Your assignment: Transcribe the data in full and exactly, omitting any pictures.
[Start of Attachment]
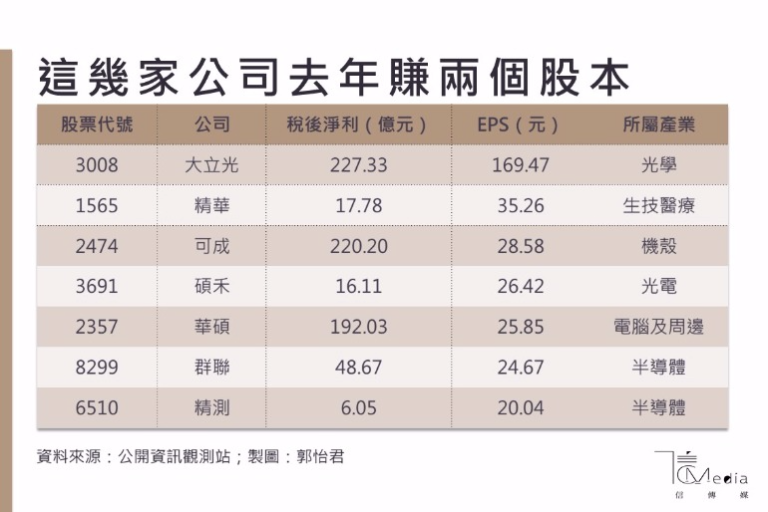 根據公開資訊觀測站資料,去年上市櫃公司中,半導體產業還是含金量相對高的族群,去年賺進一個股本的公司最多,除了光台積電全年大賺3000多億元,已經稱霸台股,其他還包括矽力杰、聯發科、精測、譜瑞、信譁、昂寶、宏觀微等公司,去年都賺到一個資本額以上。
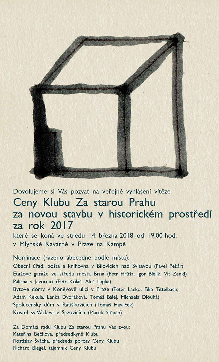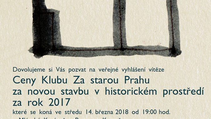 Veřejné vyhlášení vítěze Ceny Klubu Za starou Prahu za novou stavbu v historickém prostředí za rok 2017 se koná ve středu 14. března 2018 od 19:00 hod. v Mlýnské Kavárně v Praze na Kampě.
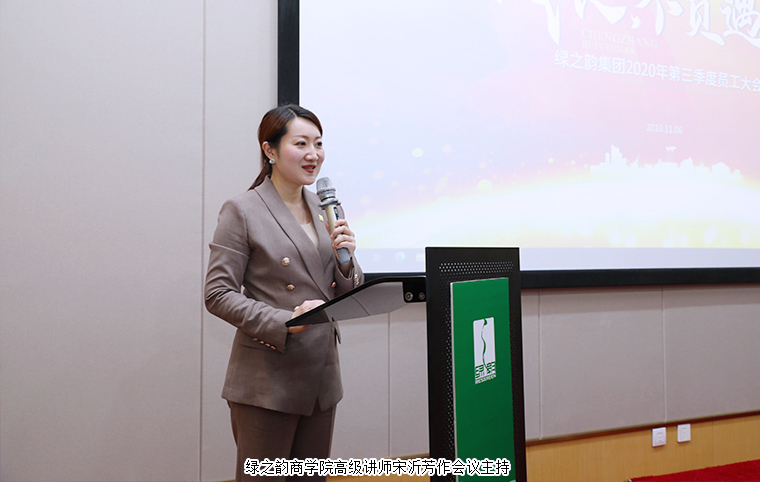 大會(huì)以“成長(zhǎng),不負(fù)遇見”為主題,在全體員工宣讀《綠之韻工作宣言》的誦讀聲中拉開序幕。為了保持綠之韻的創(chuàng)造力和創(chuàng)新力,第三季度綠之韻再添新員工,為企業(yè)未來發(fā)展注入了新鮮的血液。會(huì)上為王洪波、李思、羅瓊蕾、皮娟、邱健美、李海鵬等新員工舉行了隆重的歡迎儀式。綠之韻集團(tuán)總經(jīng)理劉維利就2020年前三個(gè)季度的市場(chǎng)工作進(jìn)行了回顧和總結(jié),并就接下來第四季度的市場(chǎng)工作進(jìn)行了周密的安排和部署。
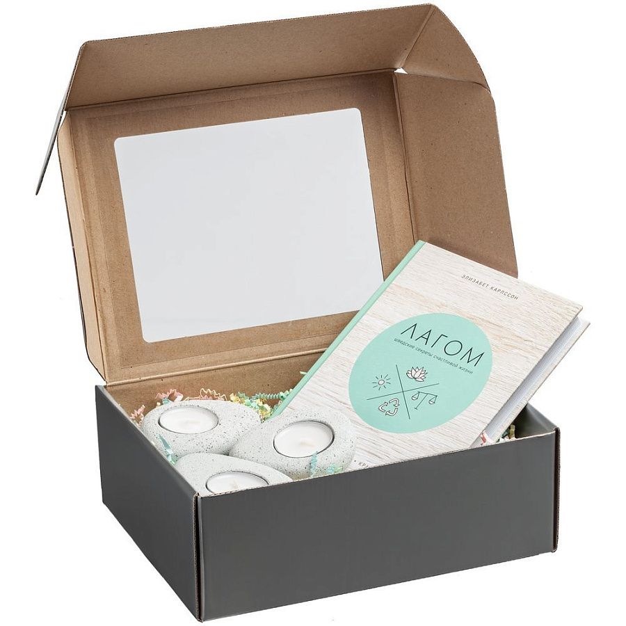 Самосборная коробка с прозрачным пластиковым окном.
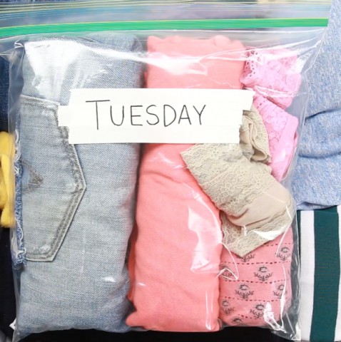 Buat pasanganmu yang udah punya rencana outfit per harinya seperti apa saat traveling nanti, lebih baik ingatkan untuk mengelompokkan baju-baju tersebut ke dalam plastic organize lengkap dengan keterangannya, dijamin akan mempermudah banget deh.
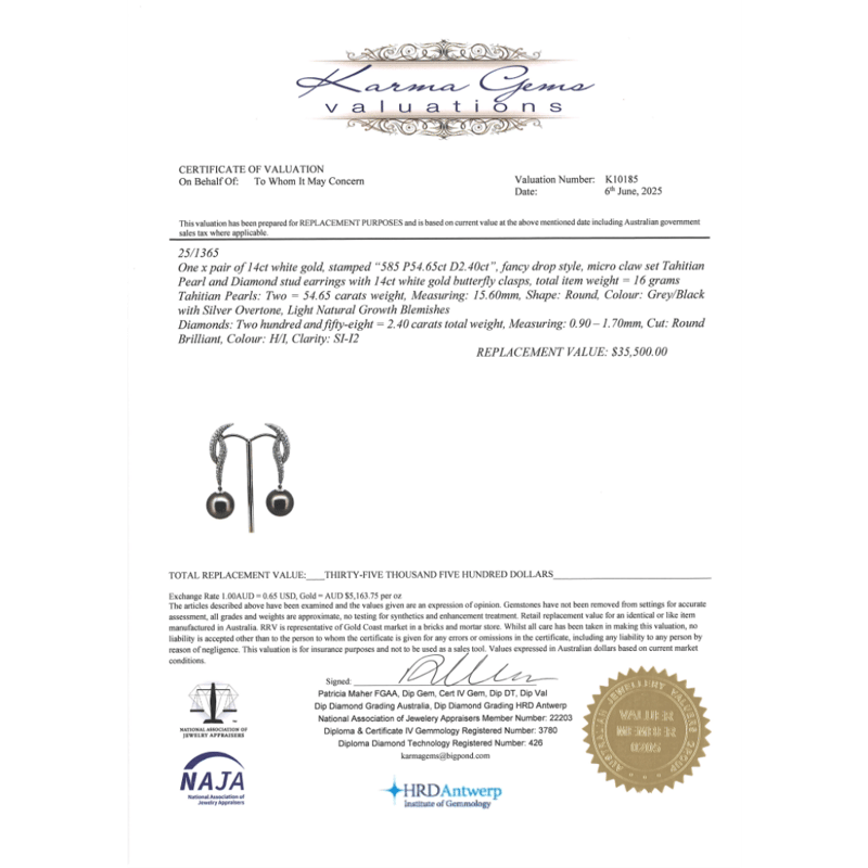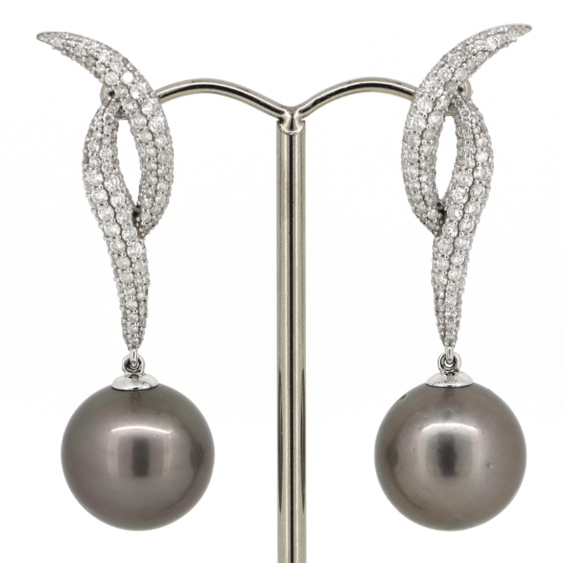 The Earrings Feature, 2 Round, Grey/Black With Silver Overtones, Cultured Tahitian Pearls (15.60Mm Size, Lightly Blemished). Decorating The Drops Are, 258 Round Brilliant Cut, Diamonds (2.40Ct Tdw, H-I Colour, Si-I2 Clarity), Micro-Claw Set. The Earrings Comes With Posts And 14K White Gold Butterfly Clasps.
[End of Attachment]
Problem solution:
 根據公開資訊觀測站資料,去年上市櫃公司中,半導體產業還是含金量相對高的族群,去年賺進一個股本的公司最多,除了光台積電全年大賺3000多億元,已經稱霸台股,其他還包括矽力杰、聯發科、精測、譜瑞、信譁、昂寶、宏觀微等公司,去年都賺到一個資本額以上。
 Veřejné vyhlášení vítěze Ceny Klubu Za starou Prahu za novou stavbu v historickém prostředí za rok 2017 se koná ve středu 14. března 2018 od 19:00 hod. v Mlýnské Kavárně v Praze na Kampě.
 大會(huì)以“成長(zhǎng),不負(fù)遇見”為主題,在全體員工宣讀《綠之韻工作宣言》的誦讀聲中拉開序幕。為了保持綠之韻的創(chuàng)造力和創(chuàng)新力,第三季度綠之韻再添新員工,為企業(yè)未來發(fā)展注入了新鮮的血液。會(huì)上為王洪波、李思、羅瓊蕾、皮娟、邱健美、李海鵬等新員工舉行了隆重的歡迎儀式。綠之韻集團(tuán)總經(jīng)理劉維利就2020年前三個(gè)季度的市場(chǎng)工作進(jìn)行了回顧和總結(jié),并就接下來第四季度的市場(chǎng)工作進(jìn)行了周密的安排和部署。
 Самосборная коробка с прозрачным пластиковым окном.
 Buat pasanganmu yang udah punya rencana outfit per harinya seperti apa saat traveling nanti, lebih baik ingatkan untuk mengelompokkan baju-baju tersebut ke dalam plastic organize lengkap dengan keterangannya, dijamin akan mempermudah banget deh.
 The Earrings Feature, 2 Round, Grey/Black With Silver Overtones, Cultured Tahitian Pearls (15.60Mm Size, Lightly Blemished). Decorating The Drops Are, 258 Round Brilliant Cut, Diamonds (2.40Ct Tdw, H-I Colour, Si-I2 Clarity), Micro-Claw Set. The Earrings Comes With Posts And 14K White Gold Butterfly Clasps.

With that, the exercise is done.